Per /plan-with-team protocol:

  • Task 8 (Proveo — Angie Jones): Re-probe ≥20% of cited claims with fresh tool output. Priority: costs.db spend total, Reality Anchor probe daemon PIDs, devstral:24b absence on both Ollama hosts, manifest-index.md non-existence, skill-registry.db row count, lightrag-migrate-pump backlog count, ADR numbering collision file list, specialist-mapping.json key set.
  • Task 9 (Verifier atomic-claim decomposition): Read-only verifier subagent decomposes this report into ≤50 atomic claims, runs probe per claim, returns CONFIRMED/PARTIAL/HALLUCINATION verdict per claim.
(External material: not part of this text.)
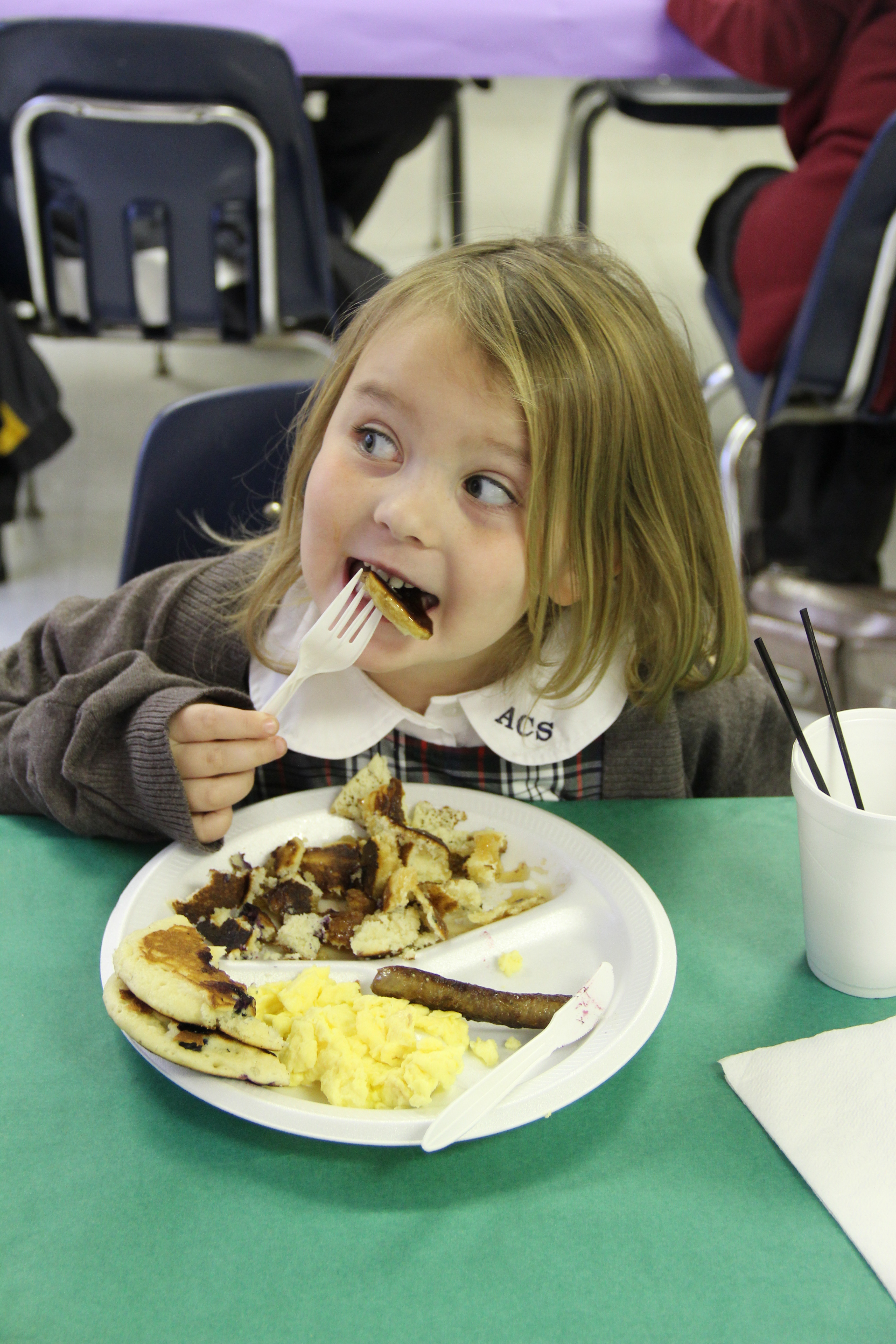 Prek student, Lily Bradley enjoys some pancakes at the annual pancake breakfast at Annunciation Catholic Church held on In Our Parish Day, January 28th.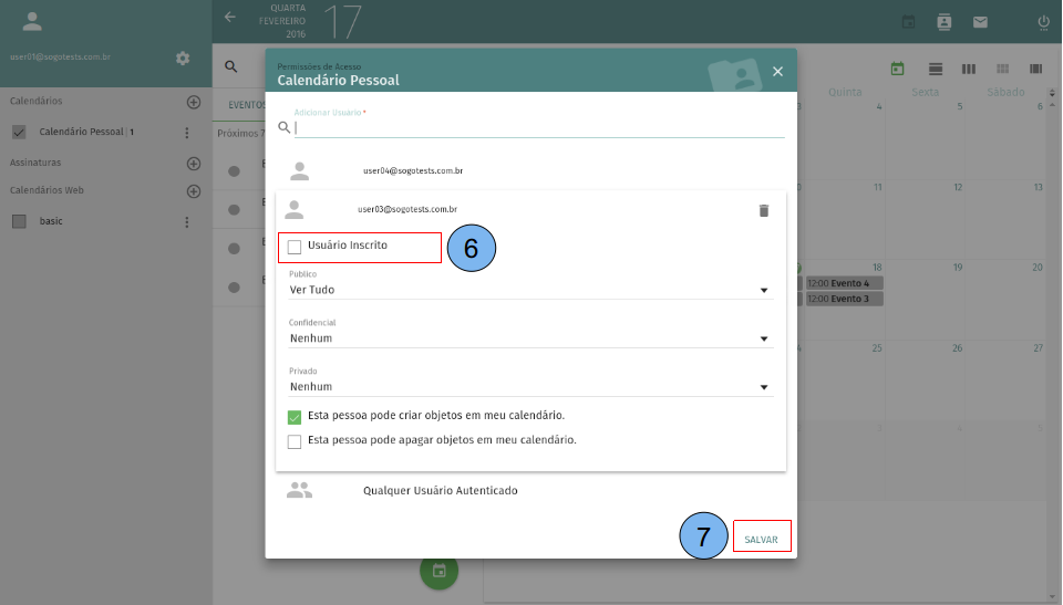 (5) Marque a opção “Usuário inscrito”. (6) Defina as permissões que esse usuário terá sobre o seu calendário. (7) Clique em “Salvar”.

Cost <$0.50/run.
  • Task 10 (Skillforge): Publish this report to BookStack as ALAI AI System Operating Picture 2026-05-18. Cross-link from System Architecture shelf. (Blocked until P1-4 CF Access token fix — fall back to manual upload.)
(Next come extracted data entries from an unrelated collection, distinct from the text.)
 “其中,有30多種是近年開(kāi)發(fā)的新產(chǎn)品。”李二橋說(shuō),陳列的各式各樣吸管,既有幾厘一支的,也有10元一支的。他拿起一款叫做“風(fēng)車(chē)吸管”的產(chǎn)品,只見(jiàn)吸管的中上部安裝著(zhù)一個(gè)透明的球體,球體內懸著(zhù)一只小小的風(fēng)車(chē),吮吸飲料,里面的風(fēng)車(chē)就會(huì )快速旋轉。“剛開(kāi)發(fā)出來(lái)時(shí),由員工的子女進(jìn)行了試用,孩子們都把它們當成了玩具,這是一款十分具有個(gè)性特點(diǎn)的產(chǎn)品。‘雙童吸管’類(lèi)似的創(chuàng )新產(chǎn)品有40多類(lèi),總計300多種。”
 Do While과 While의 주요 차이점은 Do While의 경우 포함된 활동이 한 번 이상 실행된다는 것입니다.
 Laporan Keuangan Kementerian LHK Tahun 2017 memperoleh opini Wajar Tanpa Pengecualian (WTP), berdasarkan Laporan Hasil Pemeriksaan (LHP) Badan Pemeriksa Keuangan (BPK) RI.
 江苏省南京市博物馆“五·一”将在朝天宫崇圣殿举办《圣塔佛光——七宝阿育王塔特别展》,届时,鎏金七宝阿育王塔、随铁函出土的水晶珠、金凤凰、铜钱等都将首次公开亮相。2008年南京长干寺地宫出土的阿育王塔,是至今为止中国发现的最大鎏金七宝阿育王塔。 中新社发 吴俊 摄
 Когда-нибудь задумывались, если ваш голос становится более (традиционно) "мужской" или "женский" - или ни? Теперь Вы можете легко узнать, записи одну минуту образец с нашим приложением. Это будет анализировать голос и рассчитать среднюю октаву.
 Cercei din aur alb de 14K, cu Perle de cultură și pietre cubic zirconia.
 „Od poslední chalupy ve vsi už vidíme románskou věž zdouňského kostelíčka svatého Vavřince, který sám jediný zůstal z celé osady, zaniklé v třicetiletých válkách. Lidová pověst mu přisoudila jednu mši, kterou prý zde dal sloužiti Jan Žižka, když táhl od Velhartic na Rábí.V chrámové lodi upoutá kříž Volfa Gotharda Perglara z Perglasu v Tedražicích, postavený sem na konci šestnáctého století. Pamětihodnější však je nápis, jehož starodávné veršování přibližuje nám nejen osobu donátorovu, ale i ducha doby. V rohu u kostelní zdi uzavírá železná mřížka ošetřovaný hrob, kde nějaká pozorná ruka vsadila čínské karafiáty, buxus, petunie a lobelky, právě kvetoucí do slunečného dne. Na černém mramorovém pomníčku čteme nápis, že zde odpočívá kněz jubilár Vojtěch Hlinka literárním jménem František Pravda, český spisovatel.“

REPORT WRITTEN: ~/system/specs/ceo-ai-system-audit-2026-05-18-REPORT.md


Validation Patches (applied 2026-05-18 23:30 after Proveo + Verifier)

Sources: /tmp/audit-2026-05-18/proveo-verdict.json, /tmp/audit-2026-05-18/verifier-report.json

Patch Original Claim Corrected Source
V-P1 $741,646 / 7 days $742K / 8 days (May 11–18) — true 7d (May 12–18) = $365,104 verifier A1, A2
V-P2 manifest-index.md MISSING manifest-index.md exists at ~/system/tools/, STALE since 2026-02-26 (claims 1,310, actual 273) verifier A10, A28, A35
V-P3 Mermaid node ManifestIdx = RED recolored YELLOW (stale, not missing) verifier A35
V-P4 P0-4 fix wording "generate or delete" "regenerate on daily cron + add staleness meta-probe" verifier corrective note
V-P5 BookStack sync-map at ~/system/agents/ actual path ~/system/config/ proveo C7
V-P6 Prior $9,790/day estimate "10–11× under" "10–40× under for peak days; on quiet days within ±2%" verifier A5

Verdict on report after patches: Headlines (Opus burn, devstral ghost, Reality Anchor dead, MLX broken, skill-registry blind, ZAKON #12 dormant) all CONFIRMED by both validators. Diagnosis stands. Cost dollar range remains catastrophic regardless of window interpretation.